===== Dataset excerpt

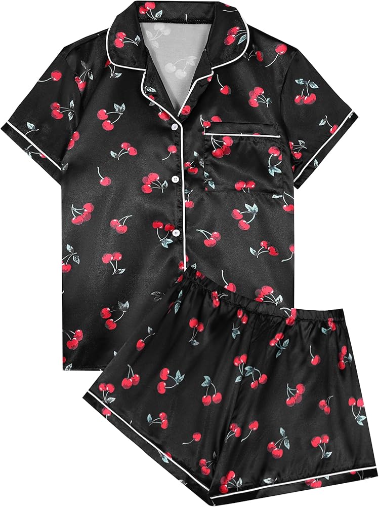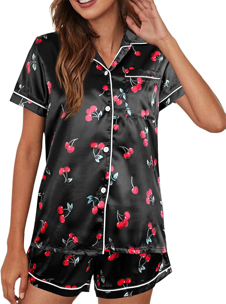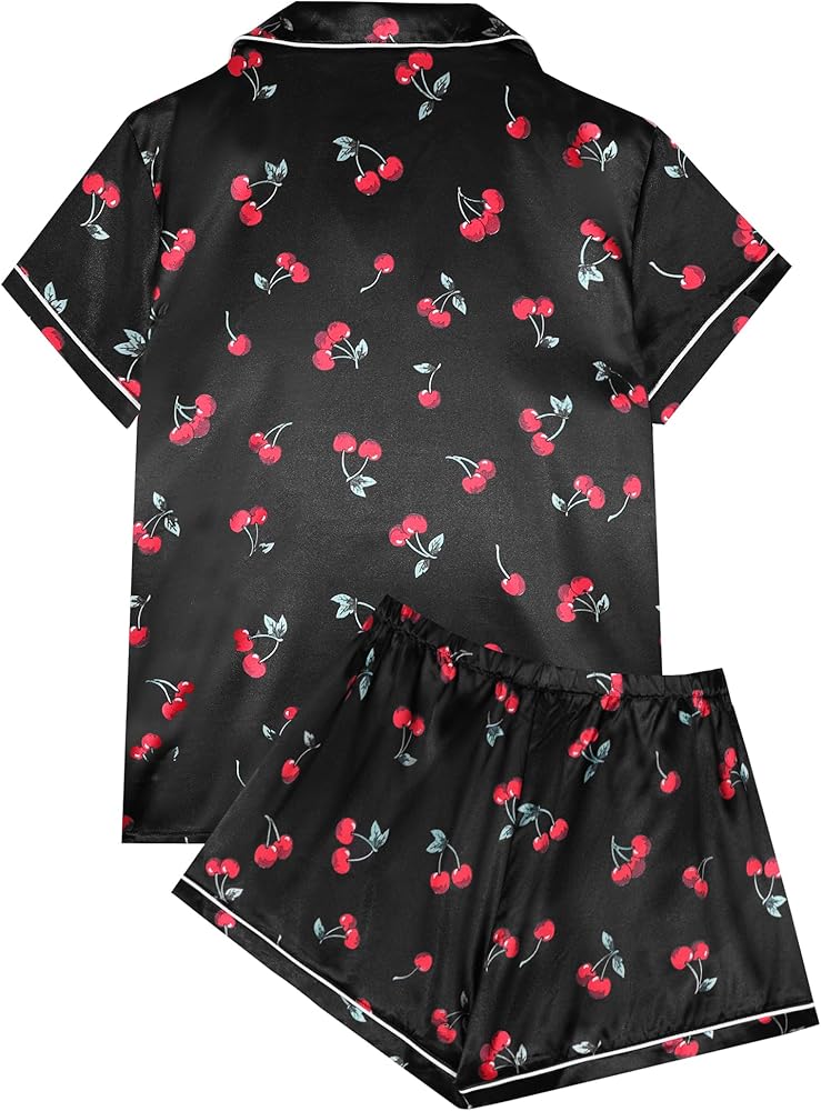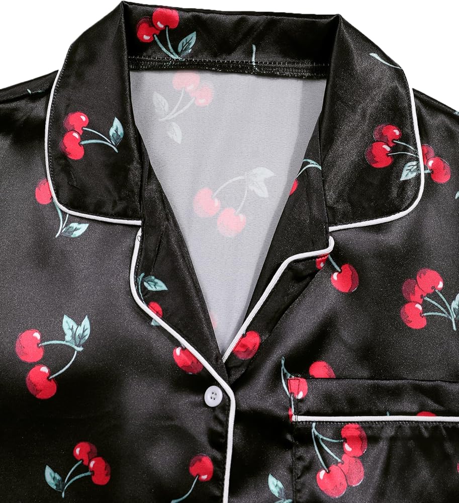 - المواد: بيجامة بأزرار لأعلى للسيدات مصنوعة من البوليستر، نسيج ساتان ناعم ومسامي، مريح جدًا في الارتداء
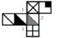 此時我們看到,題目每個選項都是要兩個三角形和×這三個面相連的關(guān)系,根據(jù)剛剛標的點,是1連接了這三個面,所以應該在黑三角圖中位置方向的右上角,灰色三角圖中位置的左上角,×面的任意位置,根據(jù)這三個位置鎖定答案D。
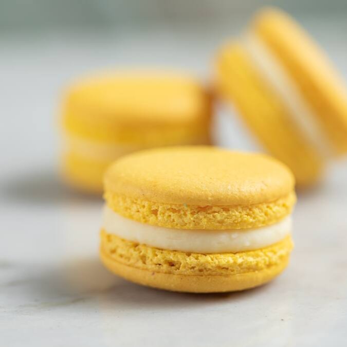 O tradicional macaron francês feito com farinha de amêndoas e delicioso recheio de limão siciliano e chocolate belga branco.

==========

Copy the listing over exactly, skipping the pictures it holds.

• Output below
 - المواد: بيجامة بأزرار لأعلى للسيدات مصنوعة من البوليستر، نسيج ساتان ناعم ومسامي، مريح جدًا في الارتداء
 此時我們看到,題目每個選項都是要兩個三角形和×這三個面相連的關(guān)系,根據(jù)剛剛標的點,是1連接了這三個面,所以應該在黑三角圖中位置方向的右上角,灰色三角圖中位置的左上角,×面的任意位置,根據(jù)這三個位置鎖定答案D。
 O tradicional macaron francês feito com farinha de amêndoas e delicioso recheio de limão siciliano e chocolate belga branco.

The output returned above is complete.